SOURCE MATERIAL:
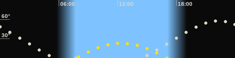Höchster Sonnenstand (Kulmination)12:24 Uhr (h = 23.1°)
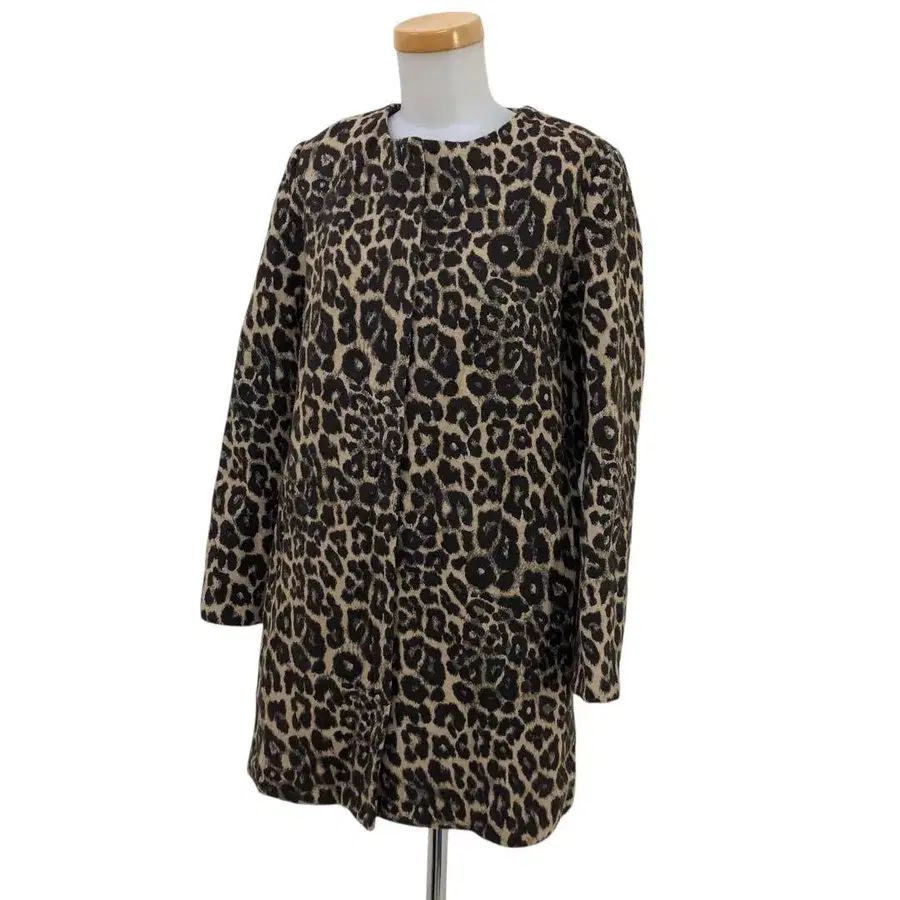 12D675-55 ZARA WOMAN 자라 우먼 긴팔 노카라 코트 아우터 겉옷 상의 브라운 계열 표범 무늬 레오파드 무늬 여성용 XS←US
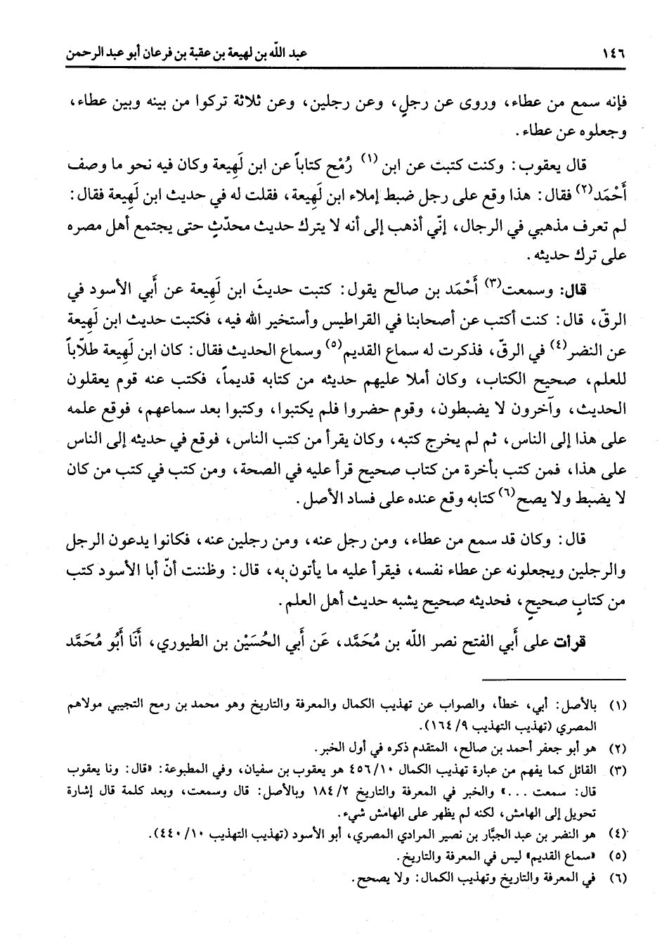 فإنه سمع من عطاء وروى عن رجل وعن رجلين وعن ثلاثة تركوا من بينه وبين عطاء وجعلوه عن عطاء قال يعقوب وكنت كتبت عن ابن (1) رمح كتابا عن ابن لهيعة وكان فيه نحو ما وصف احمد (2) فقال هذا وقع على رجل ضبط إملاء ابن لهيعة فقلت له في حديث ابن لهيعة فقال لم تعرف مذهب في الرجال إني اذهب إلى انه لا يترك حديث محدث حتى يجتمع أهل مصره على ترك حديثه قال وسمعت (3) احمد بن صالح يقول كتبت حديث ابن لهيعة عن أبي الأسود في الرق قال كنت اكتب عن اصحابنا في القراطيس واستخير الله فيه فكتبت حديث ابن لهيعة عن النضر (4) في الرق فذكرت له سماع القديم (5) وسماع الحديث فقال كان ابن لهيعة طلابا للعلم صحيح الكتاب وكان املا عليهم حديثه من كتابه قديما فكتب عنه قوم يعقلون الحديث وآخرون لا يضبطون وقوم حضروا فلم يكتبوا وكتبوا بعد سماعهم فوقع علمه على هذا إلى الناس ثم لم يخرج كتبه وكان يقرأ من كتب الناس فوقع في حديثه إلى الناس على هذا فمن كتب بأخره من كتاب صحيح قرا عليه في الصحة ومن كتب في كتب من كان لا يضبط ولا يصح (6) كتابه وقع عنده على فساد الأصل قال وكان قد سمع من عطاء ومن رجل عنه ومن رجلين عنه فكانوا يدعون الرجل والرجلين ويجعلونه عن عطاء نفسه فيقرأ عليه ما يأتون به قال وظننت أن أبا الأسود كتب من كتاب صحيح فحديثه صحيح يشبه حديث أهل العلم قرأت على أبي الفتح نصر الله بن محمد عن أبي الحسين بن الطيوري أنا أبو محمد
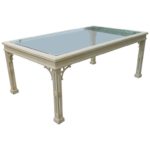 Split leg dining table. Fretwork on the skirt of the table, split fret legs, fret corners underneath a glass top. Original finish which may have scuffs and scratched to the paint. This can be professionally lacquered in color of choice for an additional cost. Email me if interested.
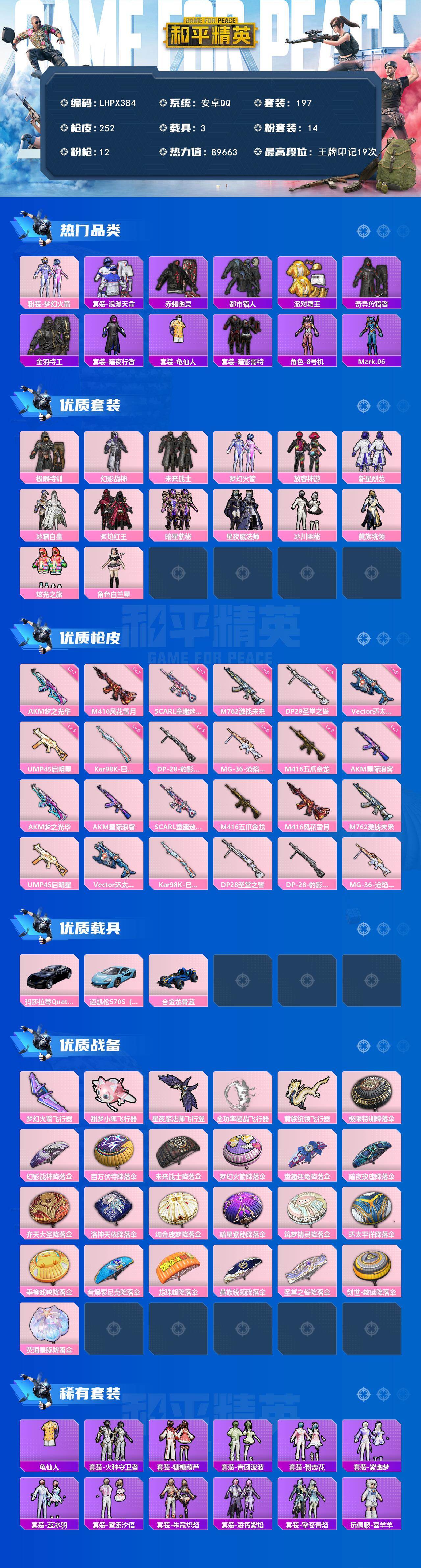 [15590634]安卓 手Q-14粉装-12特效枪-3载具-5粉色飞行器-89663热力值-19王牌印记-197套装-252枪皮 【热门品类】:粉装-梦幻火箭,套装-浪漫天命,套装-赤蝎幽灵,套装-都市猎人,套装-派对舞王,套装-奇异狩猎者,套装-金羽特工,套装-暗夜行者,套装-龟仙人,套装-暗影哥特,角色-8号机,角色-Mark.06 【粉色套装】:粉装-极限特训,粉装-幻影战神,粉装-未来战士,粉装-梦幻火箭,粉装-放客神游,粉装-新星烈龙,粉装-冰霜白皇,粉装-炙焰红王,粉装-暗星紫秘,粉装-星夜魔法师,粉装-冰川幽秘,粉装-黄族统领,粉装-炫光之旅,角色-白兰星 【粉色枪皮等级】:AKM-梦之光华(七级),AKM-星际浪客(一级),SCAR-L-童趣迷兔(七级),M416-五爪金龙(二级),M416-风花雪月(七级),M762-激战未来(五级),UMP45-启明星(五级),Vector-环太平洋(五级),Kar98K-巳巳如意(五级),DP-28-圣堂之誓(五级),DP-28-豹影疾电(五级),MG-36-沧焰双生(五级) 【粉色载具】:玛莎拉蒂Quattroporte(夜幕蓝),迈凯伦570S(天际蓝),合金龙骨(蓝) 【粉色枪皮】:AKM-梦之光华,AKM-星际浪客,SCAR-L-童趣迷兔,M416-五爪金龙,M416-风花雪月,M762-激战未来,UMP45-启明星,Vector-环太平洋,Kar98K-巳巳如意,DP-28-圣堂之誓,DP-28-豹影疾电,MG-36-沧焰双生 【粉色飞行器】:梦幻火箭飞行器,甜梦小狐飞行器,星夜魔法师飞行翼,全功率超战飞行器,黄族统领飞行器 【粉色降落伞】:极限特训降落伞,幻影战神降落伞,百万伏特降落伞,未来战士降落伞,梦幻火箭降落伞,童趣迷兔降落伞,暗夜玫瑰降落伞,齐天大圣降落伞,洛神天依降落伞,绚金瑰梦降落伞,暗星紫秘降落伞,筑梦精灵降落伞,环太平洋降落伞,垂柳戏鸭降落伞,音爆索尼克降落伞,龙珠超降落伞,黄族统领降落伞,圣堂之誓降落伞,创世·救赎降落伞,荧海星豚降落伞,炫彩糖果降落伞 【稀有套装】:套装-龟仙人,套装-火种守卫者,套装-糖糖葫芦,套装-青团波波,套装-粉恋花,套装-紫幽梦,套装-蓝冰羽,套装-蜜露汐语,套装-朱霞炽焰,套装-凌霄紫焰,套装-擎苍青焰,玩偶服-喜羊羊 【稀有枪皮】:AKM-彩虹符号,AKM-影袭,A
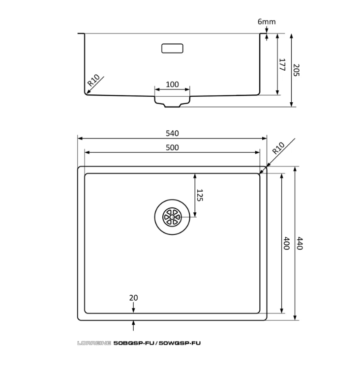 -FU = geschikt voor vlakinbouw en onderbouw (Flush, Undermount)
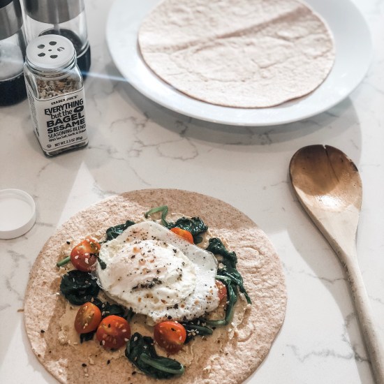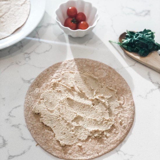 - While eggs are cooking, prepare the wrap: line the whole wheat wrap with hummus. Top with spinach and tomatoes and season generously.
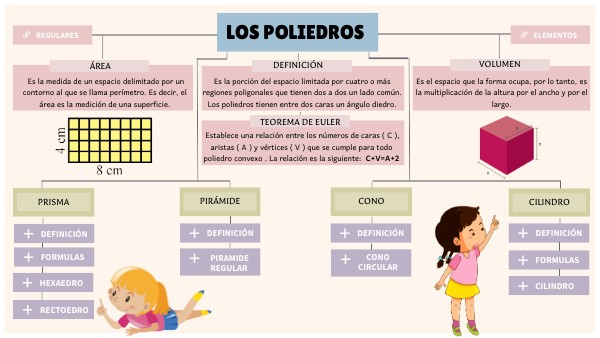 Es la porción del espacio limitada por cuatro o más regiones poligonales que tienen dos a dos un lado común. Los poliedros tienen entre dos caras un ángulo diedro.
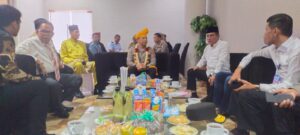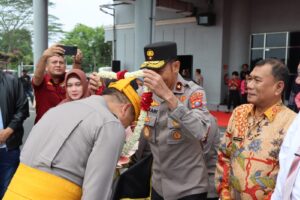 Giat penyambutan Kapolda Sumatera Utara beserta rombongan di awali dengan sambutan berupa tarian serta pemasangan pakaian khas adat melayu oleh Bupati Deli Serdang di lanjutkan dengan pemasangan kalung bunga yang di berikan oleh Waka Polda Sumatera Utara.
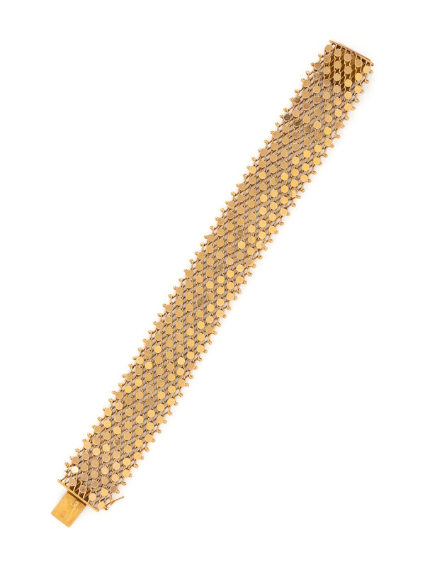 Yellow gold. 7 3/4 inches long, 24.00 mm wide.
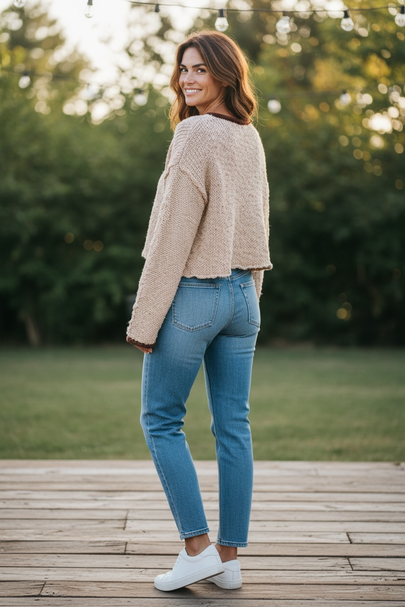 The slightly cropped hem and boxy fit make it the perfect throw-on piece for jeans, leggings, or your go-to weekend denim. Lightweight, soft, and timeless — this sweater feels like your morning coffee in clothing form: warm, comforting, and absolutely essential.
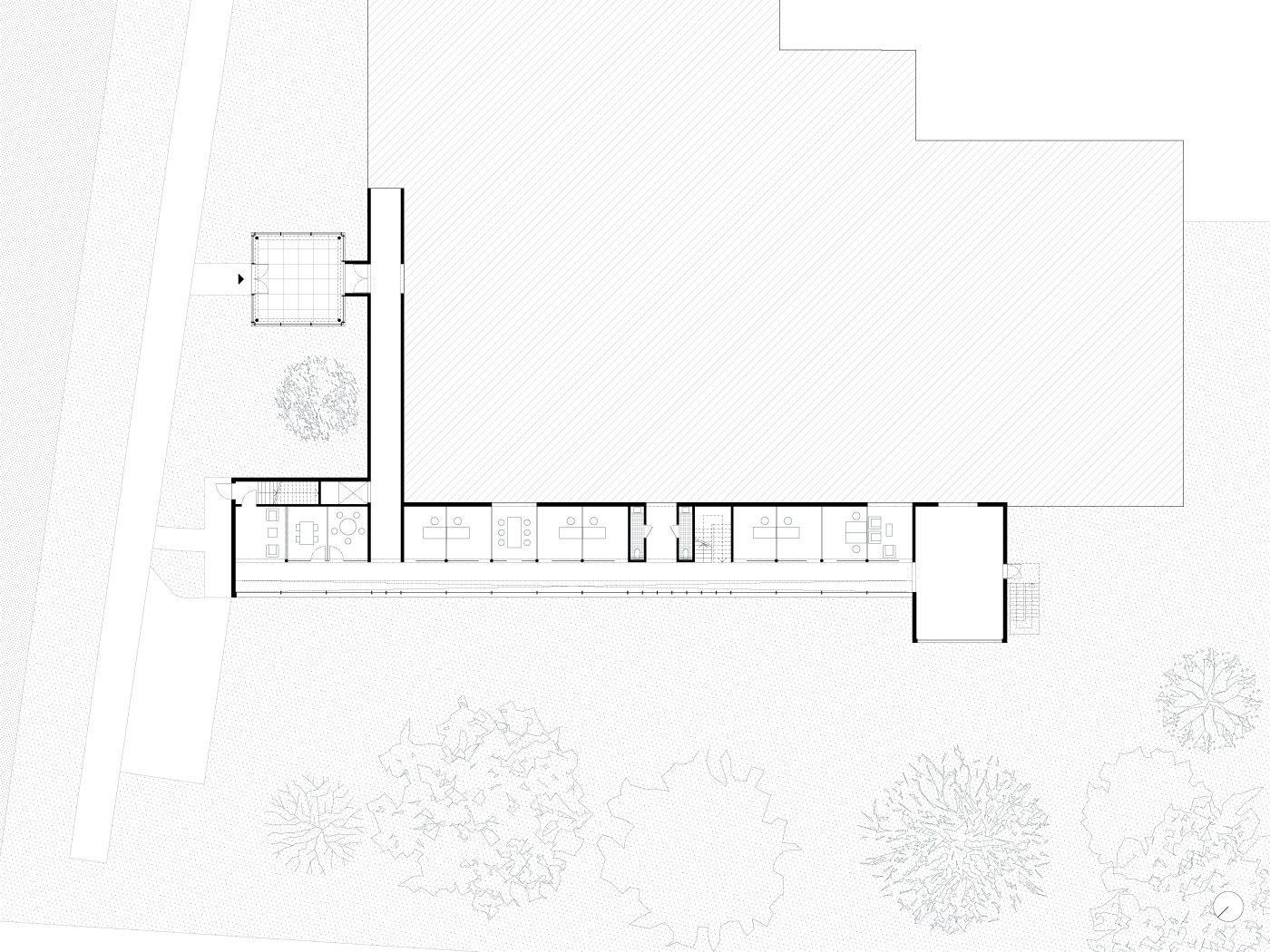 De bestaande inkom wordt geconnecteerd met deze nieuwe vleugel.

TO DO: Your task is to restate word for word the lines from the top of the data to the line containing "12D675-55 ZARA WOMAN", both ends included, with every picture left out.

RESPONSE BELOW:
Höchster Sonnenstand (Kulmination)12:24 Uhr (h = 23.1°)
 12D675-55 ZARA WOMAN 자라 우먼 긴팔 노카라 코트 아우터 겉옷 상의 브라운 계열 표범 무늬 레오파드 무늬 여성용 XS←US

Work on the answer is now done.